■ **EXERCISE DIRECTIONS**
Type the listing below out again exactly. No images.

■ **ENTRIES PROVIDED**

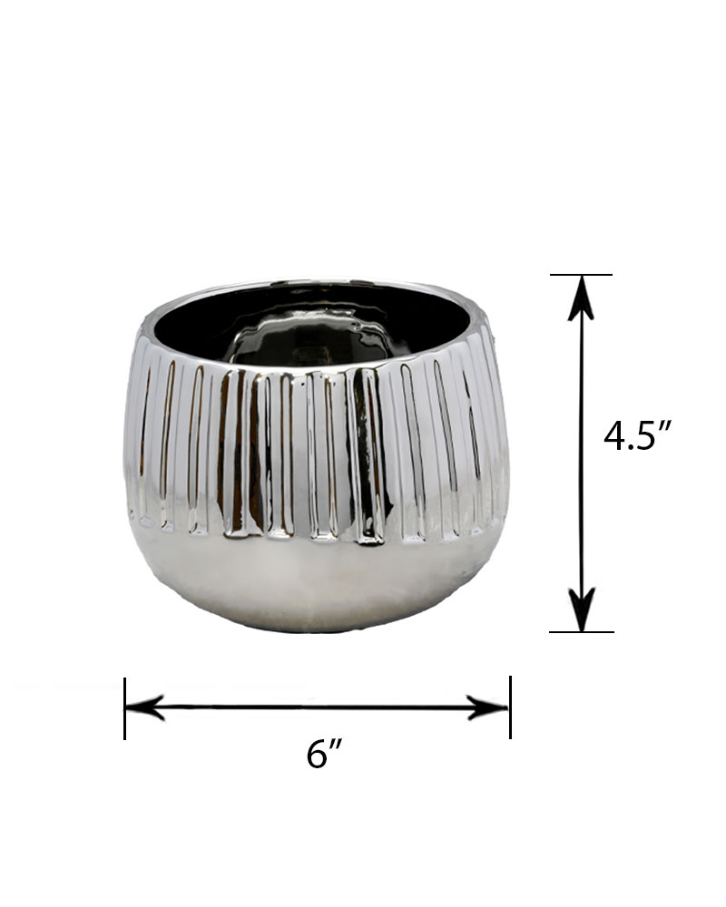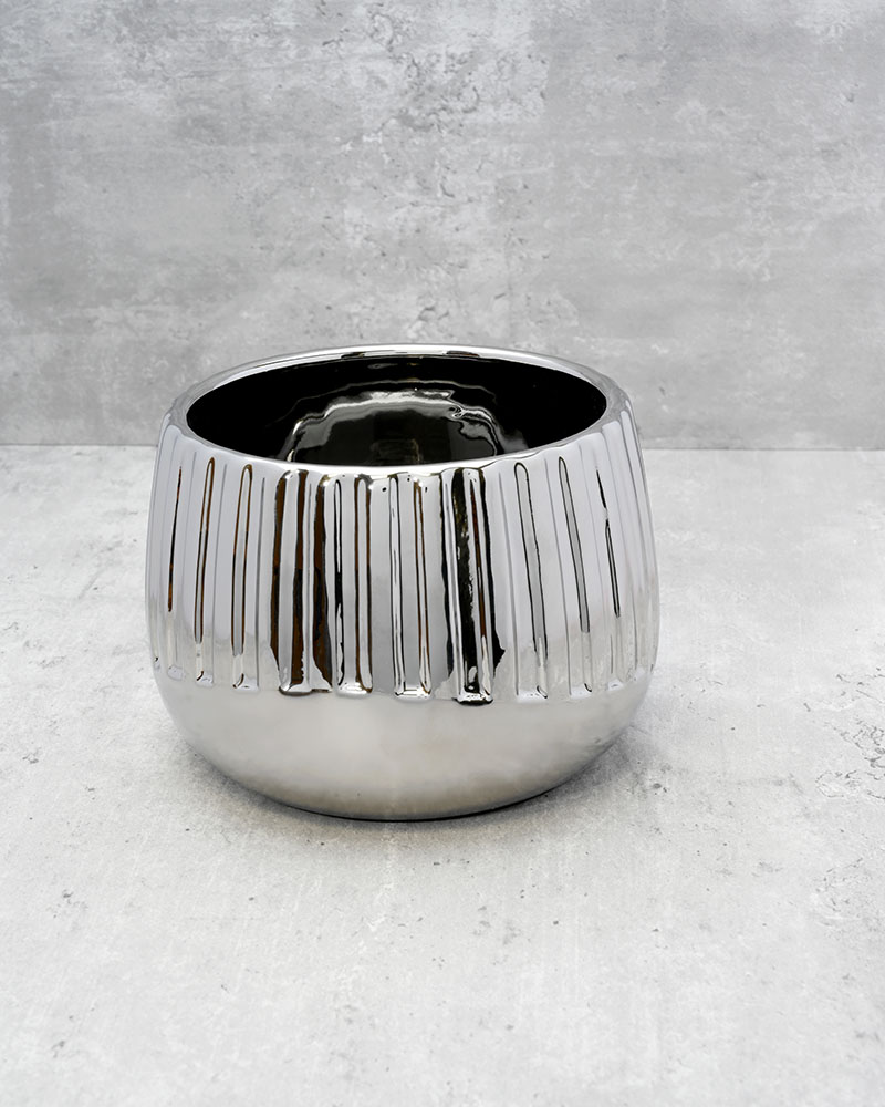 With its polished silver-chrome finish and ribbed textured design, this container brings a sleek, modern touch to any room. Whether used on its own or as part of an arrangement, it adds shine, texture, and contemporary style to any setting.
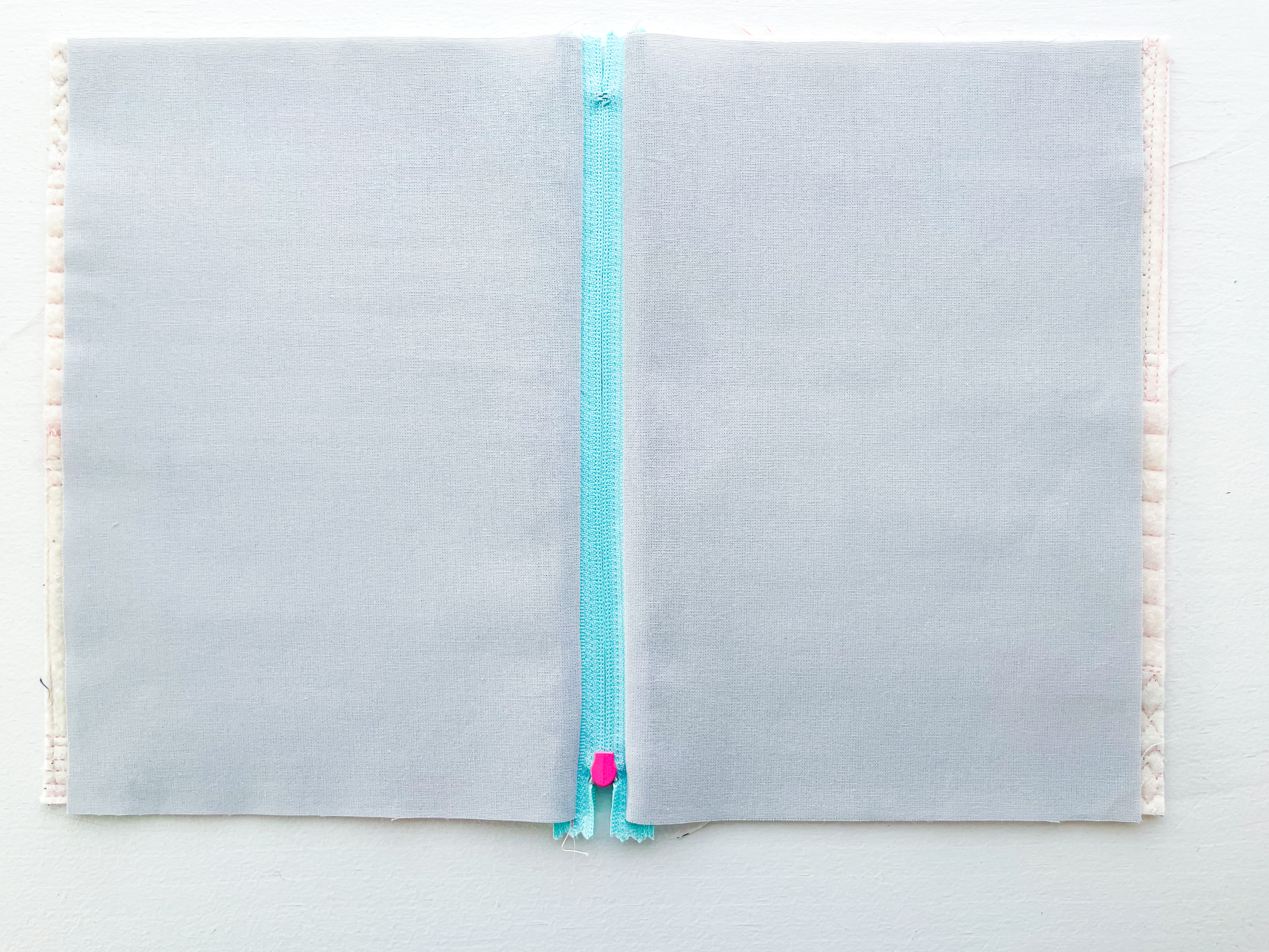 Repeat Steps 1–2 on the opposite side of the zipper using the remaining exterior panel and lining piece.
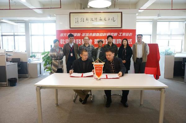 1月6日上午,院党委委员兼教务主任刘茂平带队,工业设计系副主任张锐及教师杨艺、郑娟一同前往深圳,与深圳创新设计研究院签署了合作创建“湖北美术学院大学生就业实习基地”的协议。基地签约暨揭牌仪式在深圳创新设计研究院举行,刘茂平副院长与创新院院长赵宇波共同签署协议并为基地揭牌。
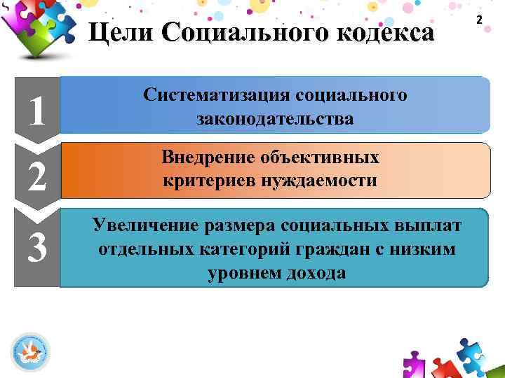 Цели Социального кодекса 1 Систематизация социального законодательства 2 Внедрение объективных критериев нуждаемости 3 Увеличение размера социальных выплат отдельных категорий граждан с низким уровнем дохода 2
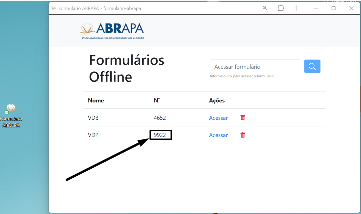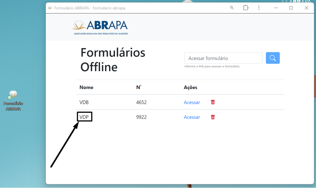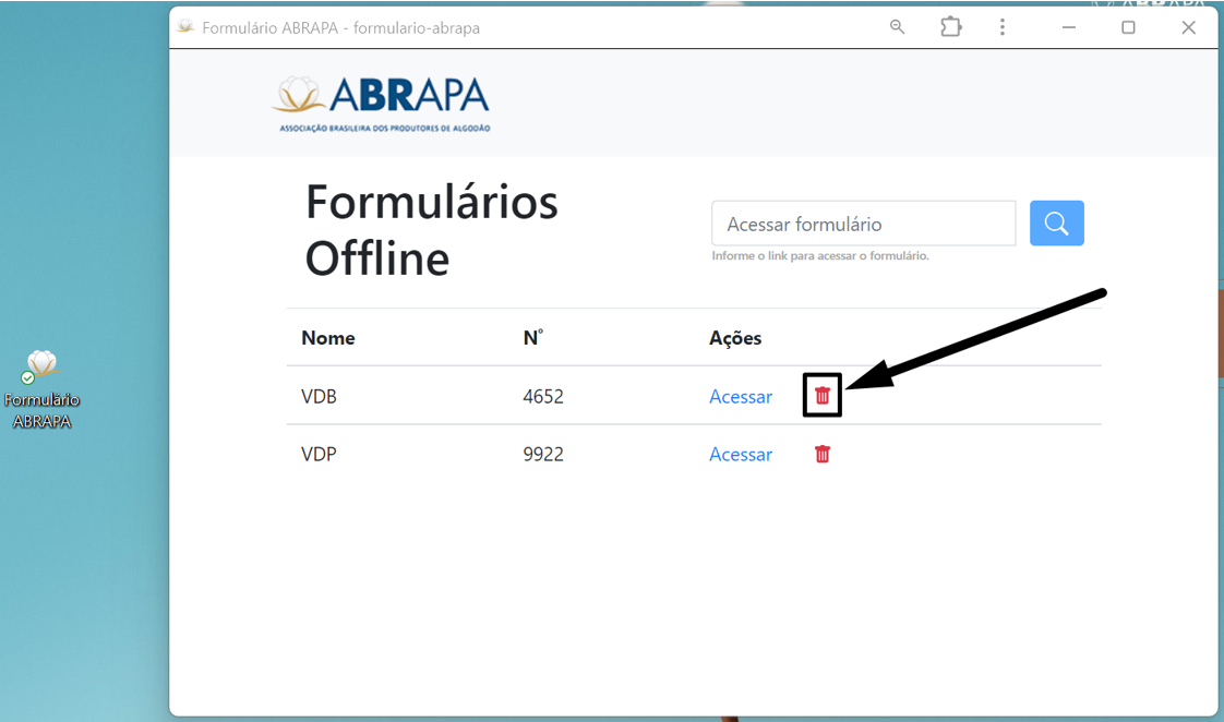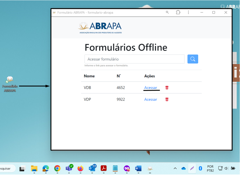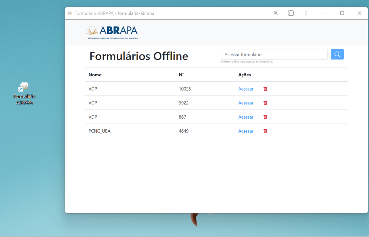 Passo 4: Após a instalação, o ícone do aplicativo aparecerá na área de trabalho, contendo os formulários utilizados, que poderão ser acessados tanto online quanto offline.

■ **EXERCISE RESULT**
 With its polished silver-chrome finish and ribbed textured design, this container brings a sleek, modern touch to any room. Whether used on its own or as part of an arrangement, it adds shine, texture, and contemporary style to any setting.
 Repeat Steps 1–2 on the opposite side of the zipper using the remaining exterior panel and lining piece.
 1月6日上午,院党委委员兼教务主任刘茂平带队,工业设计系副主任张锐及教师杨艺、郑娟一同前往深圳,与深圳创新设计研究院签署了合作创建“湖北美术学院大学生就业实习基地”的协议。基地签约暨揭牌仪式在深圳创新设计研究院举行,刘茂平副院长与创新院院长赵宇波共同签署协议并为基地揭牌。
 Цели Социального кодекса 1 Систематизация социального законодательства 2 Внедрение объективных критериев нуждаемости 3 Увеличение размера социальных выплат отдельных категорий граждан с низким уровнем дохода 2
 Passo 4: Após a instalação, o ícone do aplicativo aparecerá na área de trabalho, contendo os formulários utilizados, que poderão ser acessados tanto online quanto offline.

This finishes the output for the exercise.